Over time as I have pursued this path, the synergies I saw between music and environmentalism have fed my ongoing wonder regarding what we know and describe as “music”. Culturally, we are conditioned to think of music as a human endeavor, and to think of "nature" as something exterior. But the more we perceive the interdependency of all things, the more we might hear music as a form of environmental consciousness.

Sound is one of the original, magical elements of the Earth’s ecosystem. And where there is no air for soundwaves to travel, there is no auditory resonance or music of any kind. From the perspective of the Gaian worldview, music is thus an element of the Earth's ecosystem, and like other lifeforms it is dependent on air. Music breathes – and the rituals of giving it breath and beauty that we call music-making, are magnificent triumphs of nature and sentient lifeforms.

Being an unseen waveform, music lives in a place that we endeavor to understand – the space between matter. To physicists, space remains an unquantifiable coefficient in the equation of life’s mysteries, an embrace of time and energy. Just as space itself is a mystery, so is the inner space of a human being, the soul-space which is said to be intangible, but which nevertheless can be “touched” by experiences which include the musical.

What am I getting at here? That music is nature speaking, and one of the most glorious manifestations of life’s mysteries, a dynamic balance of matter and spirit, physical energy making manifest the province of the imagination. The gift of emotional capacity in animals is a wonder of nature, and because music has the power to both articulate emotion and generate emotion in listeners, as composers and performers we have the privilege of working this mysterious alchemy. That the emotional parameter of music is so often ignored and undervalued in our discourse tells us much about ourselves and our cultural values; but to me, it is the most precious - and that which gives most to the nurturing and development of human nature. As Fuller said, "love is metaphysical gravity," which we can exert. To me, that is my job with this thing called music.
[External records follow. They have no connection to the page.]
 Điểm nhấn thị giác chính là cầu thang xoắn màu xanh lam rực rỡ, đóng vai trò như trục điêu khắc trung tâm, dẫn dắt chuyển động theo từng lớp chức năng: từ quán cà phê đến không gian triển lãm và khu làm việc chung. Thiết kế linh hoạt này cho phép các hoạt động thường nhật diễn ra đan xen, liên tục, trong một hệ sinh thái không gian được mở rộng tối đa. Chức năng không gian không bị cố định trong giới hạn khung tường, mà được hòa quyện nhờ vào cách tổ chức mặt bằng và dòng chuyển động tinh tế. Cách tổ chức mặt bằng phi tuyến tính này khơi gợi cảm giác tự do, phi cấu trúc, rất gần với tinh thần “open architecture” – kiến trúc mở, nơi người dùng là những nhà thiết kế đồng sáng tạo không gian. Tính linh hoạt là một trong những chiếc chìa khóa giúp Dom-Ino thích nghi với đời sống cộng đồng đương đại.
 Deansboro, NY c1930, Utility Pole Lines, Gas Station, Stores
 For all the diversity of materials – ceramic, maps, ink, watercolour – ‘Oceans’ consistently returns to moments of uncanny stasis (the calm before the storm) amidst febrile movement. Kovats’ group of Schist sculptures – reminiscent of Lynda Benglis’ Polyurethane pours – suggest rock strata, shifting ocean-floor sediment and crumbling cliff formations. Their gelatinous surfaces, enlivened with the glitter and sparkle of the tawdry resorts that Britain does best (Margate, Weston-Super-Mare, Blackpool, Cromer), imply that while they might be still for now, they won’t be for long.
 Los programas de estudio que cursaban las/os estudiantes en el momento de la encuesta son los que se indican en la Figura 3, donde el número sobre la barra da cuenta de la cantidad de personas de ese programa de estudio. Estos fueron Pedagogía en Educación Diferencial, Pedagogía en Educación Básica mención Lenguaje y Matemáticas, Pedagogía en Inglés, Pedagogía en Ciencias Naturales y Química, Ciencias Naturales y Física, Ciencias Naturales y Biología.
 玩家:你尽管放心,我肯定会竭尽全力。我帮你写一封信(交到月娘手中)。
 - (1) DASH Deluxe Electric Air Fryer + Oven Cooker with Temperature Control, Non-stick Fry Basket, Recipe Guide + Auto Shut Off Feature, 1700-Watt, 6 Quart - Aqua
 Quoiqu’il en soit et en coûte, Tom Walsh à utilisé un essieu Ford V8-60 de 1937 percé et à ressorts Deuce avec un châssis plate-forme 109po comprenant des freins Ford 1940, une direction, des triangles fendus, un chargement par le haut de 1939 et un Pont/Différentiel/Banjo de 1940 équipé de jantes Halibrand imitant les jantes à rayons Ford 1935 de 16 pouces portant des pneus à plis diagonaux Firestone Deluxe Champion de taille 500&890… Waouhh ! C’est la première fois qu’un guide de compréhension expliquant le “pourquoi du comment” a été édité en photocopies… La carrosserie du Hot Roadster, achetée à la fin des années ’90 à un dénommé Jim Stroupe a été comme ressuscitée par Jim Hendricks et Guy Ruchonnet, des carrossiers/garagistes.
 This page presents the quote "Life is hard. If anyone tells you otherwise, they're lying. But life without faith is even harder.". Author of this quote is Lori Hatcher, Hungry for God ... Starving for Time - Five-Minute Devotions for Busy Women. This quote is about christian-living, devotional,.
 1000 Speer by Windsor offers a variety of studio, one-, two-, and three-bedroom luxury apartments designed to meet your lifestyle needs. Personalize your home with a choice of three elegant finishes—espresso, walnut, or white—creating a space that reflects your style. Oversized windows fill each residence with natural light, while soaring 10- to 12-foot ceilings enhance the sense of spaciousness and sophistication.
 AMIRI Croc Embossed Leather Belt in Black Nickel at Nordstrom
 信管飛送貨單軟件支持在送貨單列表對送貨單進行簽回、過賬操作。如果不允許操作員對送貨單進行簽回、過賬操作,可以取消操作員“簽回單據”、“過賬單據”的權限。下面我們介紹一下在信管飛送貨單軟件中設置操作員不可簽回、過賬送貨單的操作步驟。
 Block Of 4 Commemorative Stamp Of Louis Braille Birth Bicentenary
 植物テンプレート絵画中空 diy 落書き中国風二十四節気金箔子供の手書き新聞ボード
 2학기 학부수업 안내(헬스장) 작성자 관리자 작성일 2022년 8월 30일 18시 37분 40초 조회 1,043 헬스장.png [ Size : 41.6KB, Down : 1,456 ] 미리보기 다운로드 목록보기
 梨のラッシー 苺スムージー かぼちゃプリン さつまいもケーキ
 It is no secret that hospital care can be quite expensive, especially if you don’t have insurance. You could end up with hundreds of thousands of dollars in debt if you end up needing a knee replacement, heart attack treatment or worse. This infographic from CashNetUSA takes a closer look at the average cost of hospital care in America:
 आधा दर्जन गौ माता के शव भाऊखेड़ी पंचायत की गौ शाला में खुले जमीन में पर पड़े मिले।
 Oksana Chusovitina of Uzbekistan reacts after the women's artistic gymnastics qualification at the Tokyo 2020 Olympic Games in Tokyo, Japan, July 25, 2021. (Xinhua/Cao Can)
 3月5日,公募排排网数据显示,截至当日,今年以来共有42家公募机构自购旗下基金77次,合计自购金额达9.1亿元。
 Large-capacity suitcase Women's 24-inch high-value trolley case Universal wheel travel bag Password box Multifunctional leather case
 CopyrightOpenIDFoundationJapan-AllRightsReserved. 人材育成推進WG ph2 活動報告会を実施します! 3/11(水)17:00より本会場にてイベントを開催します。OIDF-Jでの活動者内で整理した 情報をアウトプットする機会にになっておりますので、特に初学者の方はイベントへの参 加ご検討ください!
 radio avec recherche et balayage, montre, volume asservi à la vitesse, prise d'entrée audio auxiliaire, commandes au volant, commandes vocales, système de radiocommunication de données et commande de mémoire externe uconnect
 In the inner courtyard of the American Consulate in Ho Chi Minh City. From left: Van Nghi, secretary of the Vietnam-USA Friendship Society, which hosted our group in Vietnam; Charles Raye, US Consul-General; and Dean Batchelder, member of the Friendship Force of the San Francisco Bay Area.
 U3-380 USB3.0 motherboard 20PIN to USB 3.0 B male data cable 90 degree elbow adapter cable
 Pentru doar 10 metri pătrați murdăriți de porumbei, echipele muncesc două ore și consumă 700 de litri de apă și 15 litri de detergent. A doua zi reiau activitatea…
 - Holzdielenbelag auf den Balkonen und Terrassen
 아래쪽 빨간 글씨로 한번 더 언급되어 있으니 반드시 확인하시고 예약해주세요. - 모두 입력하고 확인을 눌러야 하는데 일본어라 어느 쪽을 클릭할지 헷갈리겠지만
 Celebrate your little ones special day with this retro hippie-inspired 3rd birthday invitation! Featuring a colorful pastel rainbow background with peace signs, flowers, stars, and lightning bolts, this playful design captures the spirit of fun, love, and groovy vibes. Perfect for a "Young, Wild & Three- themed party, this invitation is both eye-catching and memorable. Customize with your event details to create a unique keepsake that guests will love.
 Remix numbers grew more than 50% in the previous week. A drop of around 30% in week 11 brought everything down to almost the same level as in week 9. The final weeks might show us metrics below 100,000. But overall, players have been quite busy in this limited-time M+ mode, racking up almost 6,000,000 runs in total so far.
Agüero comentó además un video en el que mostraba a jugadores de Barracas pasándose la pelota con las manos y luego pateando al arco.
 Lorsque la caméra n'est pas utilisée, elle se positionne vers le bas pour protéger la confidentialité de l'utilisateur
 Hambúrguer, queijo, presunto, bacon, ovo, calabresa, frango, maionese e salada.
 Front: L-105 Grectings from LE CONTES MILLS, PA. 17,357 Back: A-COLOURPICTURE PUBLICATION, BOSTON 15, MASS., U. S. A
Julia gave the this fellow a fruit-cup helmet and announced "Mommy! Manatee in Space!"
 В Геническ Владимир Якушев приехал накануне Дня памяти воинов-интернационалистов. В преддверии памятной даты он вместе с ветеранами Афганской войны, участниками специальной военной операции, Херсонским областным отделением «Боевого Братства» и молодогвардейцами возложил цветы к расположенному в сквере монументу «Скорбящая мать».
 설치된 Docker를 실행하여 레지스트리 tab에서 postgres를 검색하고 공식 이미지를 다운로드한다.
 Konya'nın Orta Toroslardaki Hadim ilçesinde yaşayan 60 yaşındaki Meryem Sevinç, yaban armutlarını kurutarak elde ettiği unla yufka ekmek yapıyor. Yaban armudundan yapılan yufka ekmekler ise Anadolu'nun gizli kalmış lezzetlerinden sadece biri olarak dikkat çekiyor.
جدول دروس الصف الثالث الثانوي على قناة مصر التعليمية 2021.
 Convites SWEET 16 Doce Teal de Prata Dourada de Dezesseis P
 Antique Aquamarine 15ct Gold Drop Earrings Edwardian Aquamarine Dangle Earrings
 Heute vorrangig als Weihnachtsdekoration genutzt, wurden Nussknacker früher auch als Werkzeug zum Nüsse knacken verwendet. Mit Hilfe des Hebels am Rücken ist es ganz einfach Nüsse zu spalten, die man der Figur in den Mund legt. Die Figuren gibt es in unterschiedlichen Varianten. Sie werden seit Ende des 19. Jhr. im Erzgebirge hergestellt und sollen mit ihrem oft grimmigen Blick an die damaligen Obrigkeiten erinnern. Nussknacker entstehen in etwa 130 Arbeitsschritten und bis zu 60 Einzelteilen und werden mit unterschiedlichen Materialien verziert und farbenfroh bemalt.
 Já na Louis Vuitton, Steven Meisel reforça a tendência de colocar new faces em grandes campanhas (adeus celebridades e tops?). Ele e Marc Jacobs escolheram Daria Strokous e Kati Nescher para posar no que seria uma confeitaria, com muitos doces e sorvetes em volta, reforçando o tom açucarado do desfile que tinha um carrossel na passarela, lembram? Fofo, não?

This wonder with the capacity of music to express the mysteries and love of life has fueled musicians for centuries, from Bach's amazement with the magic of counterpoint, to Cage's mindfulness in hearing everything as music. I'm smitten too, because we live in an enchanted ecosystem: an ecosystem that is musical, filled with the polyphonic consonances and dissonances of the spectral harmony of the allsound of that greater organism which is us all.